In the past decades, genetic etiology of IBGC was suspected based on the identification of several familial clusters [8,9,10,11]. However, no genetic cause of IBGC was recognized before the identification in 2012 of SLC20A2 as the first associated gene [12]. Since then, six genes have been definitively linked with PFBC: four inherited in an autosomal dominant manner (SLC20A2, PDGFB, PDGFRB, and XPR1) and two displaying an autosomal recessive inheritance (MYORG and JAM2) [13,14,15,16,17]. Very recently, a novel gene (i.e., CMPK2) has been proposed to be associated with autosomal recessive brain calcifications and this awaits confirmation in independent studies [18]. A review of data from 555 genetically diagnosed patients with PFBC revealed the following frequency of mutations: SLC20A2~60%, MYORG~13%, PDGFB~13%, PDGFRB~6%, XPR1~6%, JAM2~2% [19,20]. A brief genetic characterization of each these genes is provided below in association with the genetic evidence deriving from knock-out or hypomorphic animal models.

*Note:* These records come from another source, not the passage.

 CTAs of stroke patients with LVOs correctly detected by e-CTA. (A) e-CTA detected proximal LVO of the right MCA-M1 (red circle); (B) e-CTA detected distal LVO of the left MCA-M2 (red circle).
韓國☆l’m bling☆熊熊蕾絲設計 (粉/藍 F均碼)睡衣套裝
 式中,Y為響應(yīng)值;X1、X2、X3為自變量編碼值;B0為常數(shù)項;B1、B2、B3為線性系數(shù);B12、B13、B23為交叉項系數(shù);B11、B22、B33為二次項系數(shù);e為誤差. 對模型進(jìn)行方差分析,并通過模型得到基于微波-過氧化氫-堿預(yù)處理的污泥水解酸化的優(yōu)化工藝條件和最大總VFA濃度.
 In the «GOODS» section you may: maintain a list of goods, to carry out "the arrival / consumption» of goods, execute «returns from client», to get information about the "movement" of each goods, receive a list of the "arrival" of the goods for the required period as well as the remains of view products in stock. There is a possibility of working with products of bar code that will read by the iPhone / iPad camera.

SLC20A2 (chr. 8p11.21, 11 exons) encodes the sodium-dependent phosphate transporter 2 (652 amino acids), which plays a fundamental role in cellular phosphate transport. Several pathogenic variants have been reported, including missense, nonsense, splice-disruptive, small indels, and gross deletions. Pathogenic variants have been shown to impair uptake of phosphate (loss-of-function mechanism of disease) [12]. Interestingly, a complete Slc20a2 knockout mouse showed extensive, bilateral calcifications in the thalamus, basal ganglia, and cortex, recapitulating the human disease [21].

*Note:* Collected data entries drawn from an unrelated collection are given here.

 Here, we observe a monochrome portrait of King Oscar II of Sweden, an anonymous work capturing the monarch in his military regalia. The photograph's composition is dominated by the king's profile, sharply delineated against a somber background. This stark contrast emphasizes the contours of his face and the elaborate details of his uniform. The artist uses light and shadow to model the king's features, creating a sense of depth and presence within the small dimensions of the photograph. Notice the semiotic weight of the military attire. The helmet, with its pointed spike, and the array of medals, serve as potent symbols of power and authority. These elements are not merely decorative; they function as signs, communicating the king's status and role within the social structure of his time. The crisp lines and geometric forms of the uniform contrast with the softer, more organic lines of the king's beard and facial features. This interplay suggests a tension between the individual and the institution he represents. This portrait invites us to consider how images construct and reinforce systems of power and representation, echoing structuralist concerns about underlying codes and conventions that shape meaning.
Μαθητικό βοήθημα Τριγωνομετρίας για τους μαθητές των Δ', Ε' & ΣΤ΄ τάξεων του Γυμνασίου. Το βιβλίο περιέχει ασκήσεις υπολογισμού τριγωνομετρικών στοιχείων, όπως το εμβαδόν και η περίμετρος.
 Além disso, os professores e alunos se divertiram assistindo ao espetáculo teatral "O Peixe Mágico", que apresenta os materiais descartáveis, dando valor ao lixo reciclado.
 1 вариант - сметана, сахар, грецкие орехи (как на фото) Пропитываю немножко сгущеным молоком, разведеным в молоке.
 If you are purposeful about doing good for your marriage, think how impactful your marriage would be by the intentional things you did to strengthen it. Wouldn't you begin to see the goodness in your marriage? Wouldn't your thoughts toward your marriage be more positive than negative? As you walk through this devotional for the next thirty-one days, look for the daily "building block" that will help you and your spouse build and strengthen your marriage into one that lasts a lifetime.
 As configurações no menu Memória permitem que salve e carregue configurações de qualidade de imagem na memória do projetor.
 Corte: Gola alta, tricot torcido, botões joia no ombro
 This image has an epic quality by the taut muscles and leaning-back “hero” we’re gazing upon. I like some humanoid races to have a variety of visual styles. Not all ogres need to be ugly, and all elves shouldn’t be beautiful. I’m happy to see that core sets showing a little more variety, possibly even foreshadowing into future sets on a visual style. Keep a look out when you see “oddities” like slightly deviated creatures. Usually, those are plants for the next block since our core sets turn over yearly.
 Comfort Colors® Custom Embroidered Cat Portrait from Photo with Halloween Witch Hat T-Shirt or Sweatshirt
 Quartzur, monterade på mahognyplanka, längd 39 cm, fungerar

MYORG (chr. 9p13.3, one coding exon) encodes the myogenesis regulating glycosidase (putative) (714 amino acids), a protein located in the endoplasmic reticulum and nuclear membranes whose functions remain poorly defined, but are probably linked to protein glycosylation [22]. Many pathogenic variants have been described, including missense, nonsense, and small indels. The presence of biallelic nonsense mutations of MYORG in PFBC patients strongly suggests that a functional loss of MYORG is associated with brain calcifications. Indeed, Myorg-KO mice and zebrafish develop progressive brain calcifications [14,23].

PDGFRB (chr. 5q32, 23 exons) encodes the platelet-derived growth factor receptor beta (PDGFR-β) (1106 amino acids), a cell surface tyrosine kinase receptor for mesenchymal cell mitogens. Several pathogenic variants are known, including missense and start-loss mutations. Pdgfrb-deficient mice lack pericytes, essential for blood–brain barrier (BBB) formation, and display increased vascular permeability [24].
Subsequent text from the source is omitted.